▶ Task
Omit the pictures and return exactly the stretch of the material below from the line with "山农融媒12月12日讯&苍产" through the line with "A pair of cheerful".

▶ Dataset content
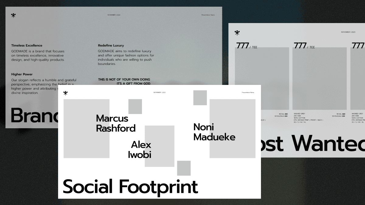 Once the structure and content were set, the GODMADE identity was cohesively applied to form the final pitch deck.
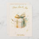 Send a touch of refined holiday cheer with this minimalist Christmas card featuring a delicate illustration of a gift box wrapped in soft gold and ivory tones. This elegant design conveys a warm, peaceful holiday message, perfect for sending love and joy to family and friends. The customisable back includes space for a heartfelt note, creating a timeless keepsake. Ideal for those who appreciate a modern, uncluttered aesthetic this holiday season.
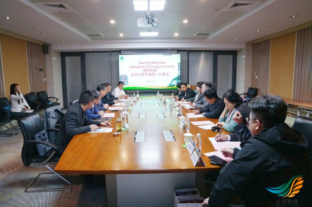 山农融媒12月12日讯&苍产蝉辫;12月11日,韩国光州大学校长金东振一行来校访问,双方围绕教育教学、科技合作进行座谈。学校副校长林海会见客人。
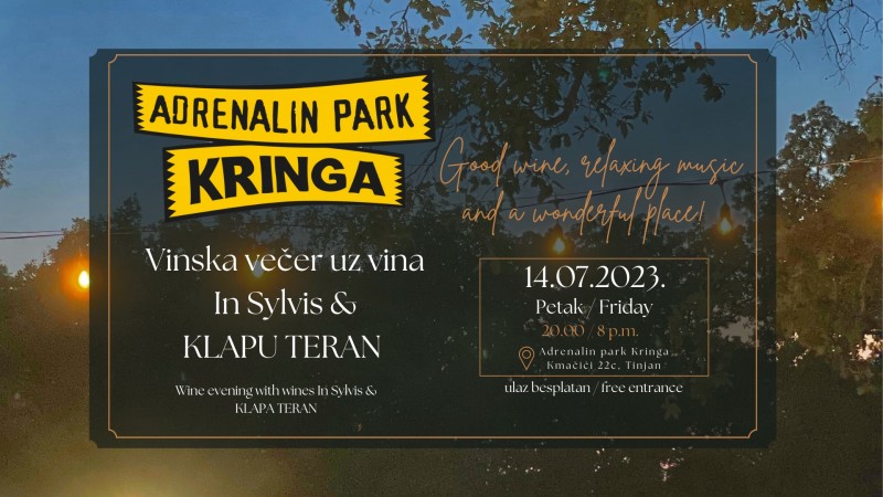 Ovog vas petka, 14. srpnja, u magičnom ambijentu hrastove šume Adrenalinskog parka Kringa od 20 sati čeka vinska večer uz vina IN SYLVIS i KLAPU TERAN.
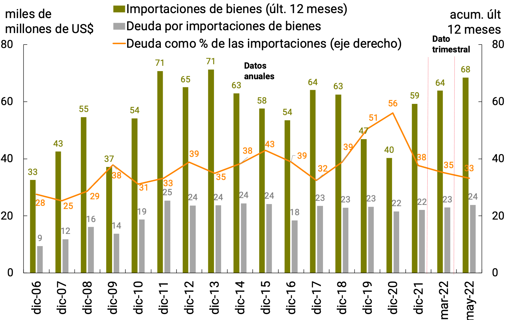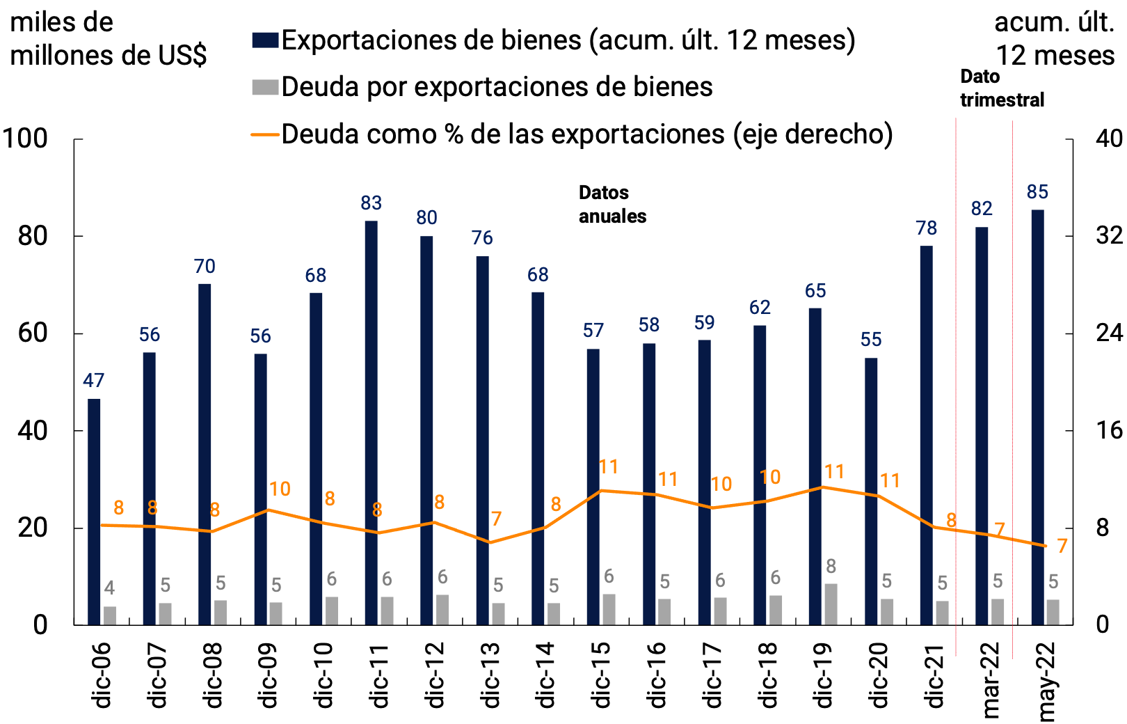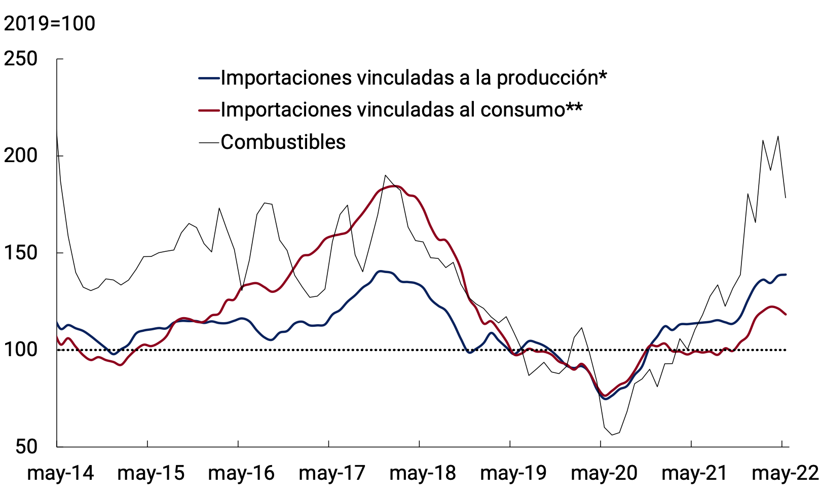 El contexto externo se ha vuelto más complejo en los últimos tres meses. La profundización del conflicto bélico en Ucrania empujó al alza los precios internacionales de los alimentos y la energía y socavó el dinamismo de la actividad económica global. Las mayores presiones inflacionarias llevaron a un ciclo de contracción monetaria en las economías avanzadas más acentuado que el esperado a inicios de año. El aumento en las tasas de interés globales presionó los valores de los activos financieros que cotizan en las principales plazas bursátiles del mundo, generó una apreciación global del dólar y elevó el riesgo de salida de capitales desde los países emergentes. Para los países en desarrollo, y en particular los de Latinoamérica, se abrieron diferentes perspectivas en materia de crecimiento e inflación dependiendo de si se mantienen las presiones al alza de los precios de las materias primas y la consecuente apreciación real de los tipos de cambio; o bien, si la apreciación del dólar redunda en menores precios de las materias primas y tipos de cambio reales más depreciados.
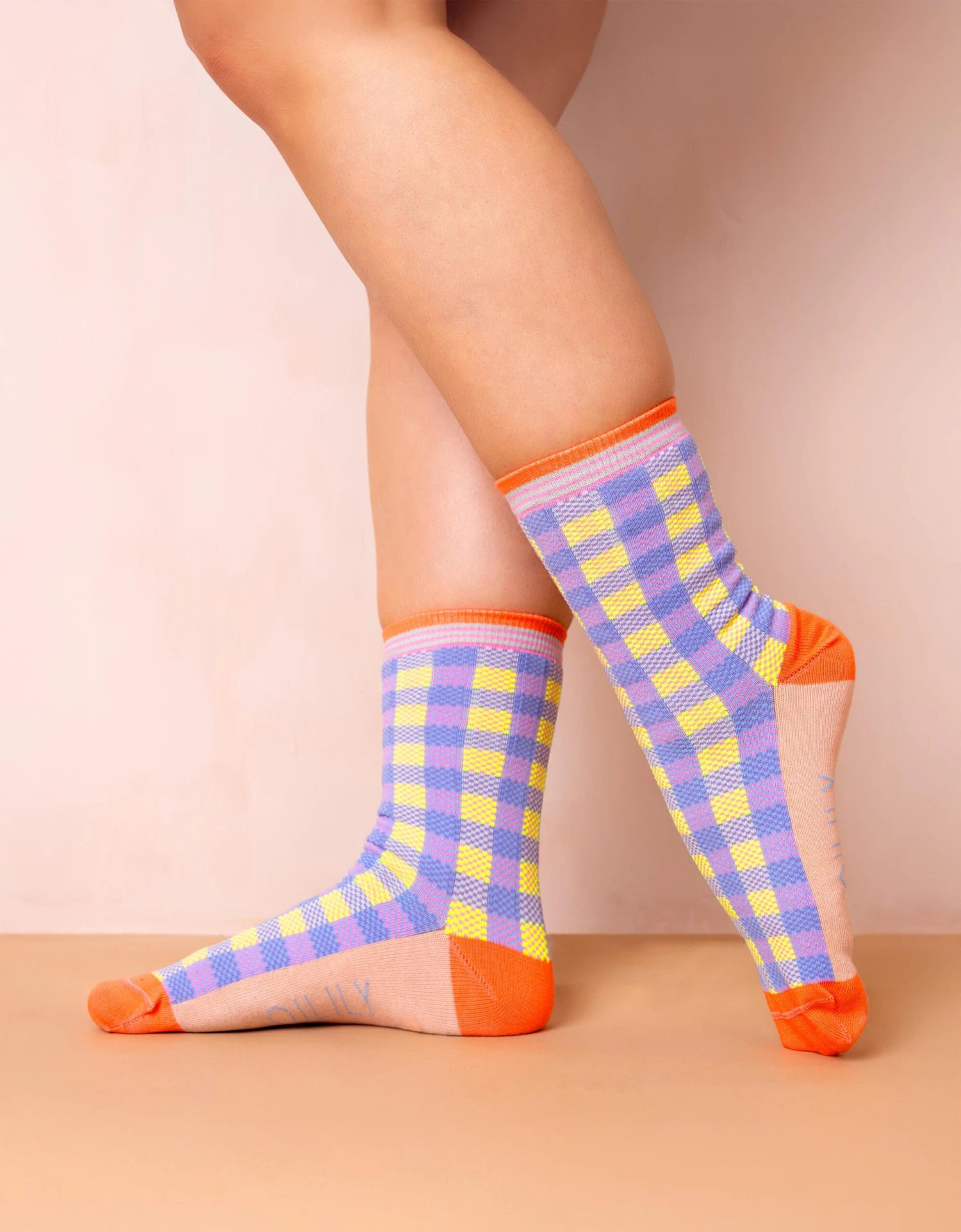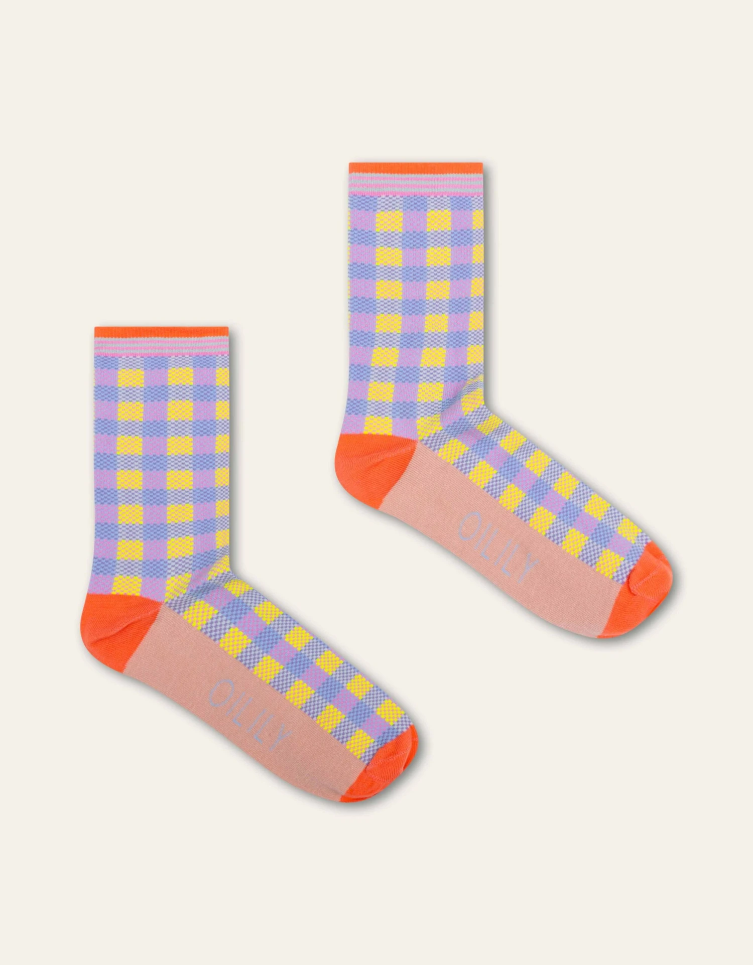A pair of cheerful socks a day, keep the sjacherijn away. Dit paar met gezellige ruitjes en colourblocking is een vrolijke toevoeging aan je sokkenla.
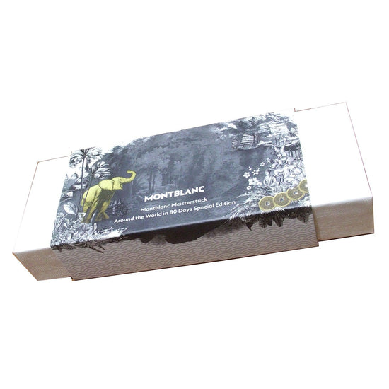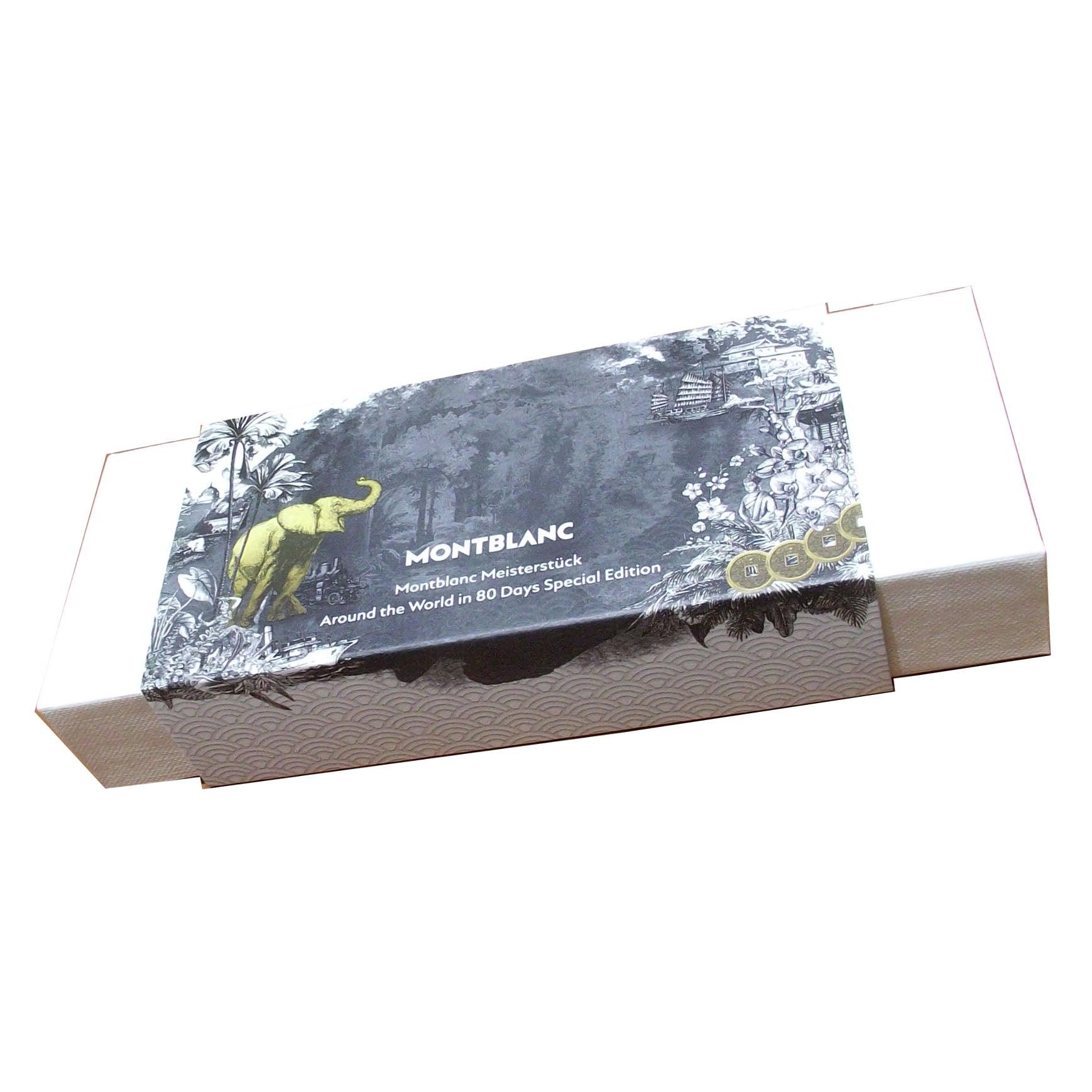 La collezione Meisterstück Around the World in 80 Days si ispira al famoso romanzo di avventura di Jules Verne “Il giro del mondo in 80 giorni”. La penna a sfera Classique in pregiata resina antracite trae ispirazione dalla seconda tappa del viaggio, da Bombay a Yokohama. In questa seconda tappa avventurosa, i protagonisti viaggiano su un maestoso elefante, che compare in un cartiglio sul cappuccio. La clip sfoggia un asso di quadri laccato rosso, che rappresenta la scommessa di Fogg di compiere il viaggio in 80 giorni. La parte superiore del cappuccio presenta la goffratura della durata del viaggio, 25 giorni da Bombay a Yokohama e 80 giorni in totale.
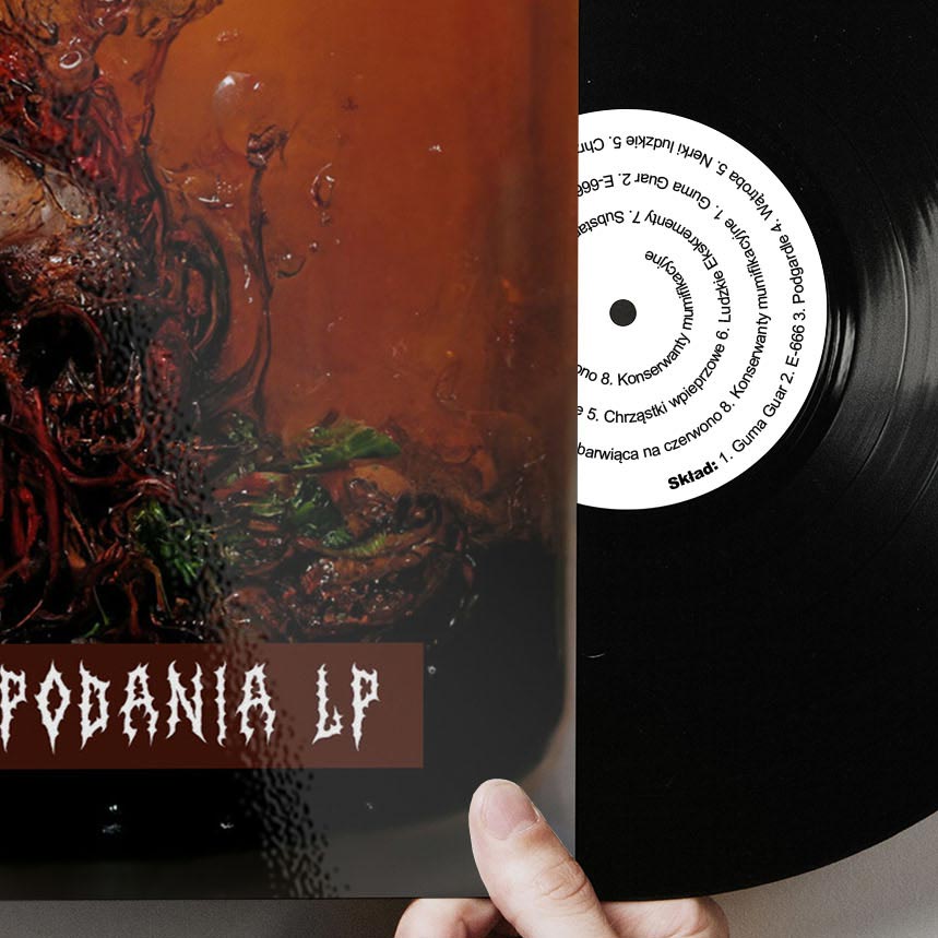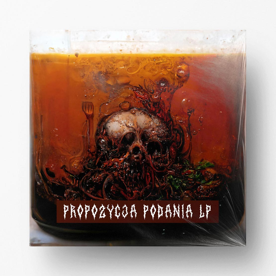 Propozycja Podania to zupełnie genialny tytuł albumu grupy metalowej, która ma dystans do samej siebie. Na okładce albumu flaki, bebechy, ogólny klimat w stylu gore i tytuł płyty: propozycja podania, nawiązujący do małych nadruków na opakowaniach żywności.

▶ Result for this task
 山农融媒12月12日讯&苍产蝉辫;12月11日,韩国光州大学校长金东振一行来校访问,双方围绕教育教学、科技合作进行座谈。学校副校长林海会见客人。
 Ovog vas petka, 14. srpnja, u magičnom ambijentu hrastove šume Adrenalinskog parka Kringa od 20 sati čeka vinska večer uz vina IN SYLVIS i KLAPU TERAN.
 El contexto externo se ha vuelto más complejo en los últimos tres meses. La profundización del conflicto bélico en Ucrania empujó al alza los precios internacionales de los alimentos y la energía y socavó el dinamismo de la actividad económica global. Las mayores presiones inflacionarias llevaron a un ciclo de contracción monetaria en las economías avanzadas más acentuado que el esperado a inicios de año. El aumento en las tasas de interés globales presionó los valores de los activos financieros que cotizan en las principales plazas bursátiles del mundo, generó una apreciación global del dólar y elevó el riesgo de salida de capitales desde los países emergentes. Para los países en desarrollo, y en particular los de Latinoamérica, se abrieron diferentes perspectivas en materia de crecimiento e inflación dependiendo de si se mantienen las presiones al alza de los precios de las materias primas y la consecuente apreciación real de los tipos de cambio; o bien, si la apreciación del dólar redunda en menores precios de las materias primas y tipos de cambio reales más depreciados.
A pair of cheerful socks a day, keep the sjacherijn away. Dit paar met gezellige ruitjes en colourblocking is een vrolijke toevoeging aan je sokkenla.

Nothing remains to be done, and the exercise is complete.